Скорый из прошлого. Глава 1. 8. Родной, домашний..

       В любой жизненной ситуации Роза Григорьевна отличалась пробивным характером и мёртвой хваткой. Избалованный и чванливый маменькин сыночек, легкомысленный ловелас или хвастливый хлюст — не пара её бесценной дочери, а вот Максим — иной коленкор. Умный и крепкий, глаза в рюмку не глядят. И он должен понять, что лучшей невесты, чем Любава, ему не найти. Совершенная красавица. Но и это не главное. А в том, что дочь ни в чём не нуждается. У родной матери и квартира, и машина, и дача. А связи у Игнаши? А его дом, квартира и машина?! Как-то он сказал Розе:

       — Мы с тобой не простые советские люди, мы — партийно-хозяйственная номенклатура.

       Вот и родители Максима — номенклатура. В самый раз породниться!

       Всё хорошо, но Максим и Любава почти не разговаривают друг с другом. Правда, несколько часов назад Роза Григорьевна случайно заметила, как милый попутчик с любопытством посматривал с верхней полки на дочь, когда та самозабвенно читала журнал "Юность". Вот и замечательно, что Максим находится на верном пути. Соблазниться, влюбиться и жениться — иного ему не дано было больше в планах Розы. В девичестве она такого необыкновенного красавца сама склонила бы к правильным поступкам во чтобы то ни стало. Притворно зевнув, она сказала:

       — Любава, я, кажется не прочь после сытного обеда подремать. Игнаша уснул. Знай себе, посапывает.

       — Я поняла. Отправляюсь наверх. Располагайся поудобнее.

       Любава взглянула на Максима. Тот отрешённо увлекся "Похитителями бриллиантов". «Красивый парень, правильный... Но я же его совсем не знаю...».

       Как и следовало ожидать, Роза Григорьевна и пробудилась раньше других, бесцеремонно растормошив Игнашу:

       — Не спи. Я пошла в туалет. Дверь не заперта. Любавушка, просыпайся, а то ночью маяться будешь. Какие сны видели, Максим?

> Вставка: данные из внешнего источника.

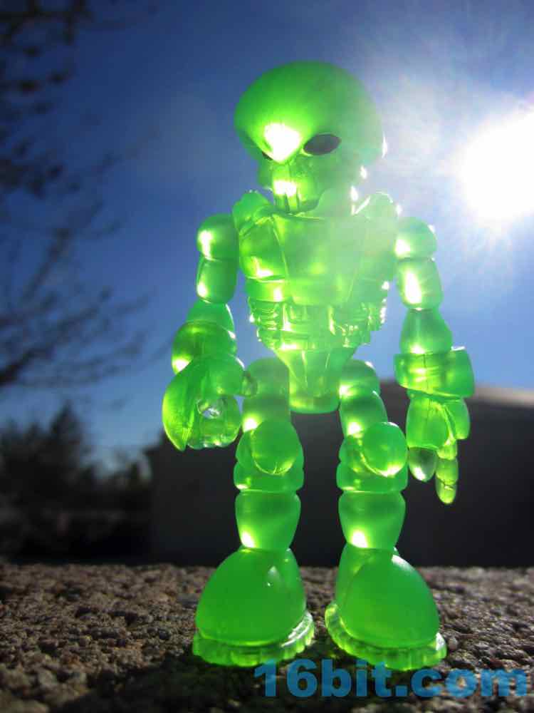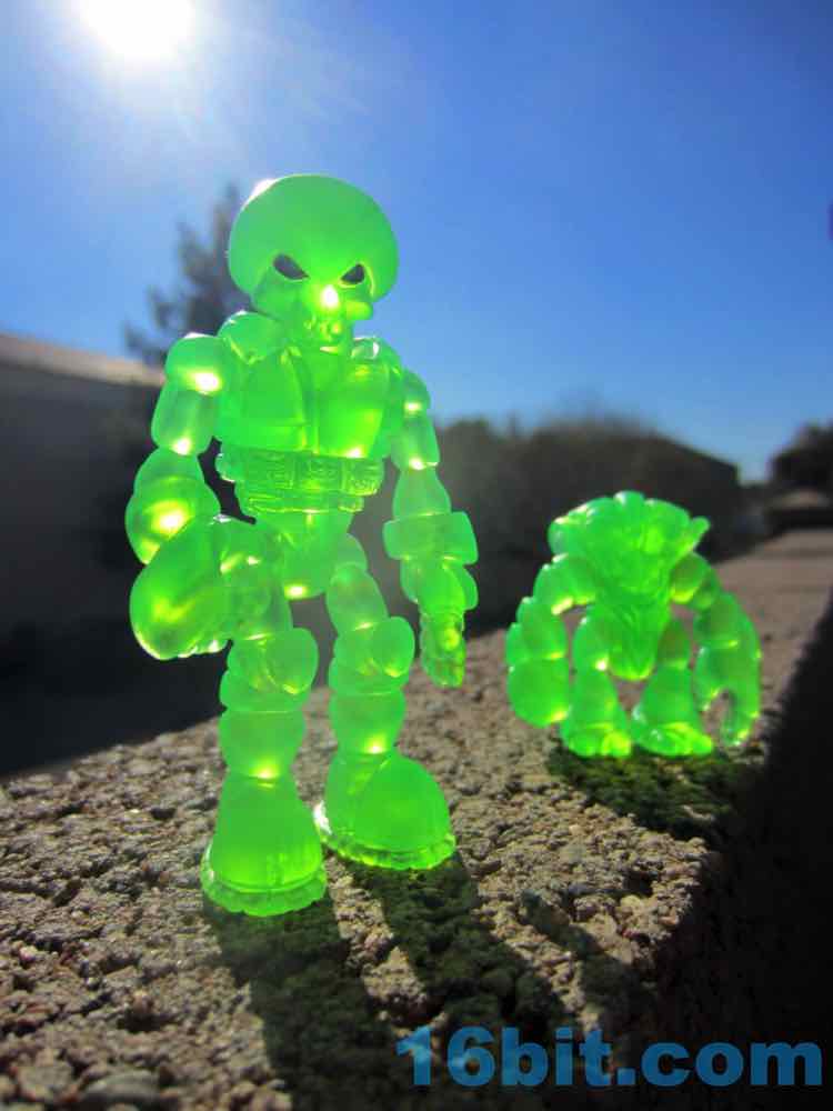 The only thing that could make this figure cooler would be some sort of vac-metal head on top. It's great, it sings under UV lighting, and it's not too expensive should you find one for sale on the secondary market. If you can get a Pheyden - any Pheyden - from Onell Design directly it's much cheaper, though, so maybe you should do that first. But I do like green, and this one did turn out nicely. Pheyden fits well with Imaginext and other 3-inch figures, and you'll find a lot of Onell Design stuff sizes nicely with Playmobil too. If you like indie toys, Onell Design's are probably the gold standard in recent years - cheap, fun, easy to customize.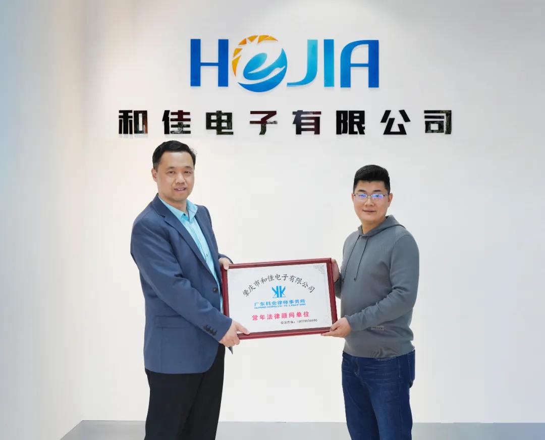 近日,广东科业律师事务所主任律师韩伟华律师来到了肇庆市和佳电子有限公司,并为其挂上了法律顾问的牌匾。并参观了该企业运营情况,解答了其常年的法律问题。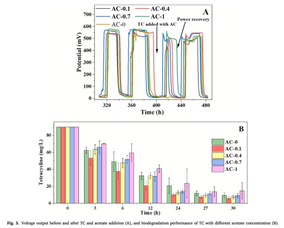 醋酸鹽在生物電化學(xué)系統(tǒng)中刺激四環(huán)素生物降解途徑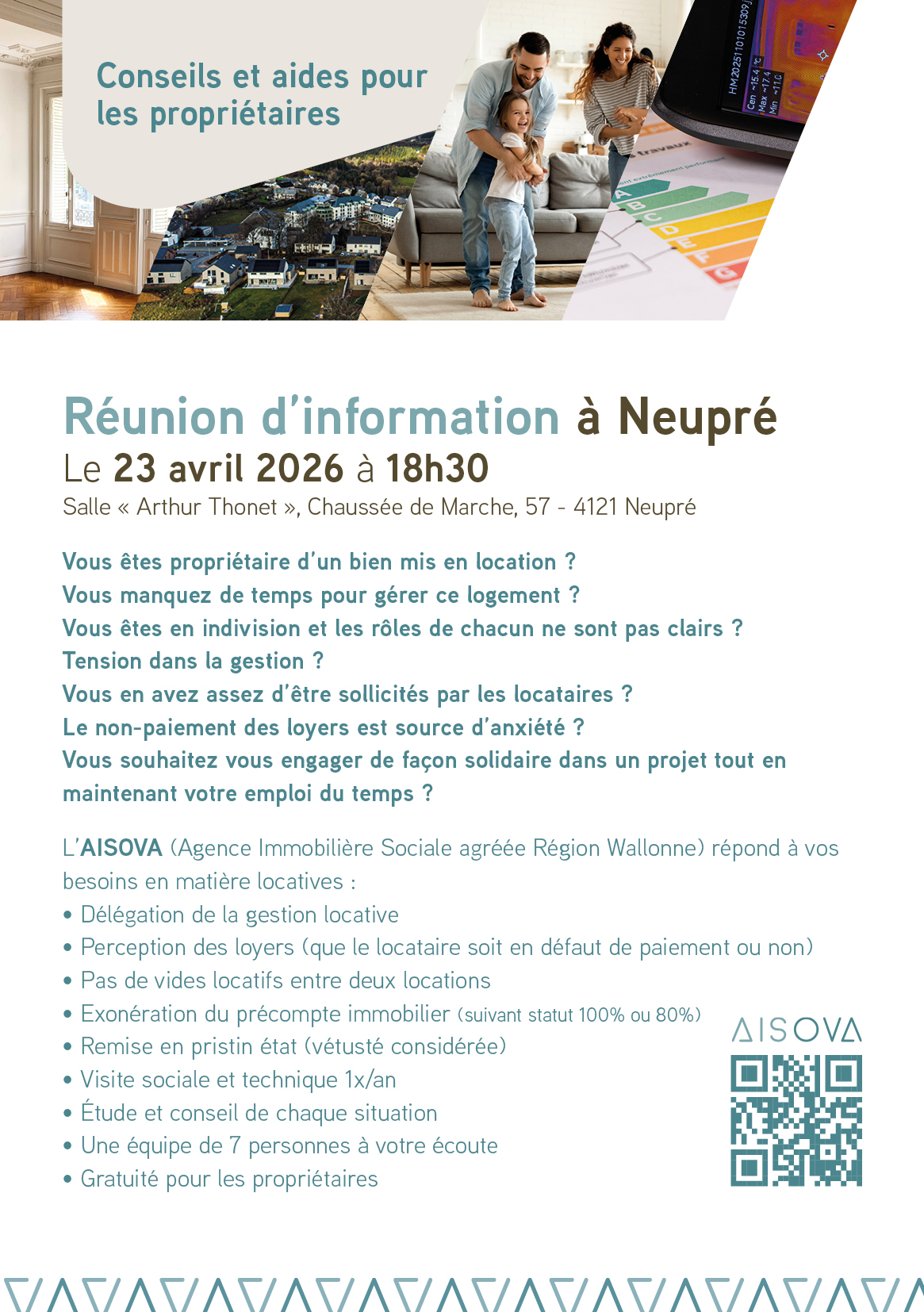 L’AIS Ourthe Vesdre Amblève (AISOVA), organise une séance d’information générale sur la Commune de Neupré le jeudi 23 avril à 18h30.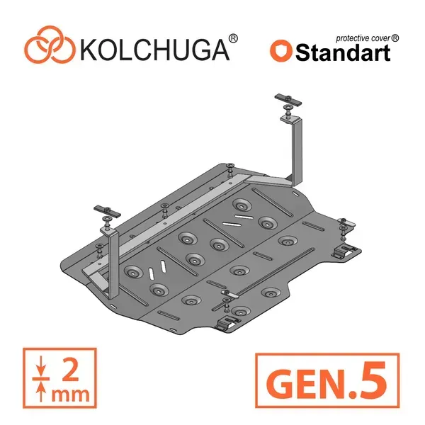 Kolchuga patrí medzi najspoľahlivejšie oceľové kryty podvozku na trhu. Vyrábané z vysokopevnostnej ocele, presne tvarované pre každý model auta a navrhnuté tak, aby chránili motor, prevodovku a ďalšie dôležité časti pri jazde v meste aj v teréne. Robustné, odolné a pripravené pre dlhé roky používania.

       — Да всё военные самолеты, — соврал легко.

       Люся-иркутянка ему приснилась в неглиже, в постель звала.
 
       Ужинали, как и намечалось, в купе. Проводница принесла чай с лимоном, а Роза Григорьевна выудила из багажа три фарфоровые чашки, взятых на всякий случай в дорогу:

       — Игнаша, разливай коньяк. Себе и Максиму побольше. Любава, ты же не будешь пить крепкий алкоголь?

       — Конечно, нет.

       — Правильно. И не привыкай. Пей чай с лимоном. Не стесняйся, Максим, ешь вволю. Коржик молочный, а вот сочник с творогом, шоколад, конфеты.  Игнаша, ты молодец, столько всего закупил.

       — Хорошо едем, — откликнулся Игнат Васильевич. — Не томи, Роза. Говори тост.

       — Так он сам напрашивается. За Максима и Любаву. За ваше знакомство, дорогие наши. Я не преувеличиваю — именно дорогие. Любавушка, понятно, дочь, а вы, Максим, тоже какой-то свой, родной, домашний и совсем не сторонний. Ну, поехали, а там видно будет.

       Чокнулись чашками. Любава коснулась их алюминиевым подстаканником. Роза Григорьевна с удовлетворением отметила тот факт, что Максим не вылакал коньяк, как забулдыга, одним залпом, и мечтательно вздохнула:

       — Вот приедете, Максим, к нам, в Речовск, погостить, и будем пить коньяк из хрустальных бокалов-тюльпанов. Я и Игнаша любим побаловаться армянским за чашкой крепкого заварного кофе, закусывая твёрдым сыром и бананами.

       — Мои родители тоже предпочитают армянский коньяк и заварной кофе.  Кстати, впервые угостили меня коньяком на совершеннолетие. 

       — А раньше ни-ни?  Ни в коем случае, да?

       — Дружил с неплохим парнем, сыном первого секретаря горкома партии. В их доме, разумеется, был полный ассортимент дефицитных продуктов, вин и коньяков. Да и в нашей семье было не хуже. Угощались иногда. Понемногу. Никому не было заметно, как убавляется.

       — Соблазн велик, если в доме всего через край.

       — Обыкновенное баловство. Я не любитель выпить. Сейчас и друзей, пожалуй, не осталось. Никакого желания нет дружить с теми, у кого рюмка на первом плане. Упиваются, пижонство да бахвальство. А то и мат. 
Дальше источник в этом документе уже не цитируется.